Glitched breathing: AI voice models interpret breaths as speech (because most of these models are designed for conversations rather than music). Because of this, AI sometimes glitches on breaths, producing a metallic sound. This issue is also not present in the new snippet.
Long notes: Since AI voice models are primarily built for speech rather than music, they often struggle to sustain long notes for extended periods, once again producing that characteristic robotic sound. In the snippet, we can clearly hear Ye holding longer notes multiple times, and there are no signs of glitches or robotic voice artifacts.
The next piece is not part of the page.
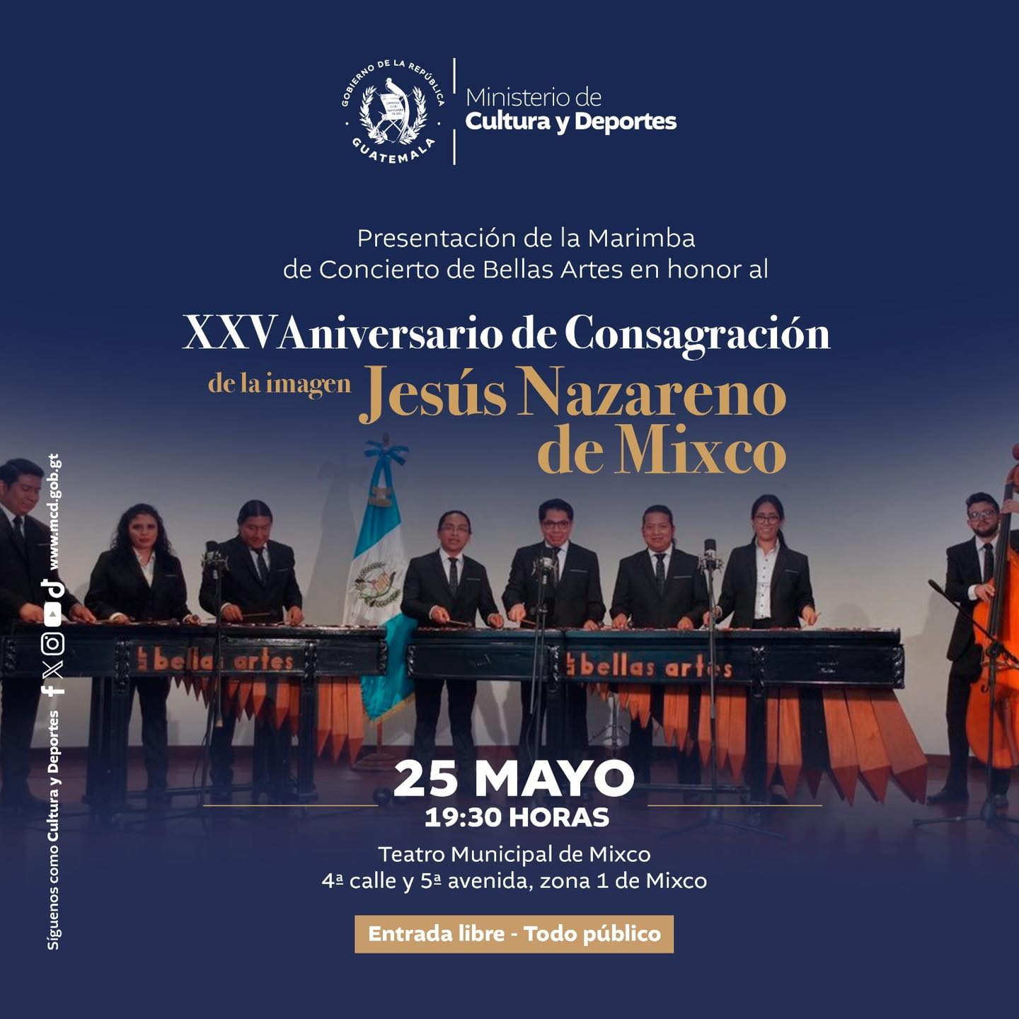 ¡Vamos al teatro! Nos emociona ser parte de las celebraciones culturales que enriquecen la identidad de los pueblos. Mixco conmemora el aniversario de la imagen de Jesús Nazareno y queremos que vivas una experiencia sonora inolvidable junto a la Marimba de Concierto de Bellas Artes Guatemala. Acompáñanos. La entrada es gratuita.

Pattern recognition in vocals: AI models look for patterns in a person’s voice. The AI model previously used by Ye was heavily based on his rhyming style and speech patterns (which were slightly more aggressive and high-pitched) from the pre-Ye album era. This is mainly because there are more available vocal samples from that period than from after. As a result, AI-generated vocals would always sound somewhat uniform—which is not the case in the new snippet.
Final Thoughts
I’d also like to address a common argument: “This doesn’t sound like Ye; Ye doesn’t sing like this.” Ironically, this would actually prove that an AI model wasn’t used. AI-generated vocals would follow Kanye’s usual singing patterns almost exactly. The model doesn’t adapt well to variations, such as singing in a higher pitch. Anyone can test this—the generated vocals would end up sounding horrible, almost like a screeching bird.
AI voice technology has clear limitations. If you’re not familiar with the topic (and many people in this subreddit claim they understand it but have probably never taken a single class on machine learning), you should educate yourself before forming opinions that have no basis in reality.
You’re ruining a rollout that, for once, is actually being done right by Ye. We should be happy that we got a new snippet, new merch, and an interview all within 24 hours.